YOUR OBJECTIVE >>
Copy down every line of the data that follows exactly. Omit the pictures.

INFORMATION SHOWN >>
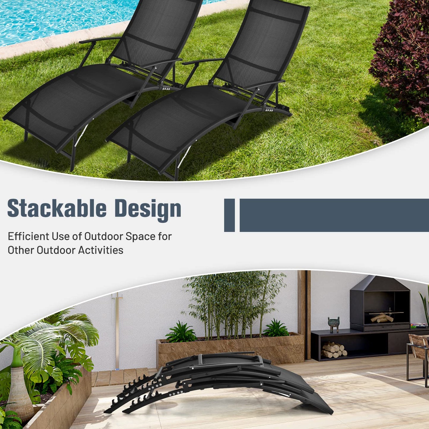 Just enjoy your spare time with our patio chaise lounge chairs! The strong anti-rust steel frame with anti-slip foot pads ensures your safety when lying on the patio chaise lounge set. And, the breathable and fast-drying fabric is chosen for the outdoor environment. With the 5-position backrest adjustment, you can get the proper angle for reading, sunbathing, or resting. Moreover, the streamlined curved design makes these outdoor recliners fit your body curve perfectly. Thanks to the foldable design, easy movement is possible. And the stackable design saves your space. The simple yet elegant outlook fits most outdoors, like patios, backyards, gardens, etc.
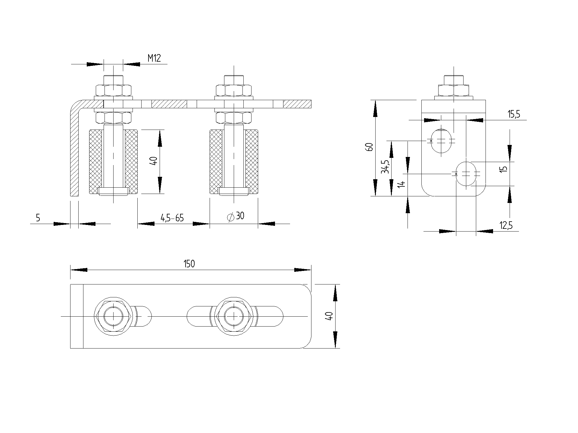 Wheel with bracket, Zn, anthracite H/53-2-R7016
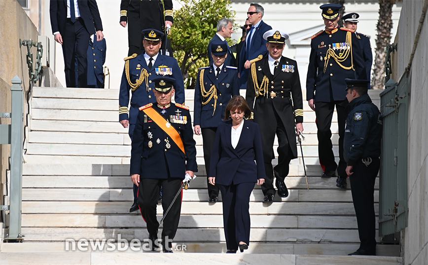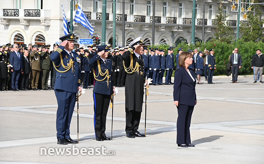 Ημέρα την Ενόπλων Δυνάμεων σήμερα 21 Νοεμβρίου, η οποία συμπίπτει με τα Εισόδια της Θεοτόκου. Στο Σύνταγμα αποδίδονται τιμές στις Ένοπλες Δυνάμεις της χώρας, με την Κατερίνα Σακελλαροπούλου να καταθέτει στεφάνι.

RESPONSE BELOW >>
 Just enjoy your spare time with our patio chaise lounge chairs! The strong anti-rust steel frame with anti-slip foot pads ensures your safety when lying on the patio chaise lounge set. And, the breathable and fast-drying fabric is chosen for the outdoor environment. With the 5-position backrest adjustment, you can get the proper angle for reading, sunbathing, or resting. Moreover, the streamlined curved design makes these outdoor recliners fit your body curve perfectly. Thanks to the foldable design, easy movement is possible. And the stackable design saves your space. The simple yet elegant outlook fits most outdoors, like patios, backyards, gardens, etc.
 Wheel with bracket, Zn, anthracite H/53-2-R7016
 Ημέρα την Ενόπλων Δυνάμεων σήμερα 21 Νοεμβρίου, η οποία συμπίπτει με τα Εισόδια της Θεοτόκου. Στο Σύνταγμα αποδίδονται τιμές στις Ένοπλες Δυνάμεις της χώρας, με την Κατερίνα Σακελλαροπούλου να καταθέτει στεφάνι.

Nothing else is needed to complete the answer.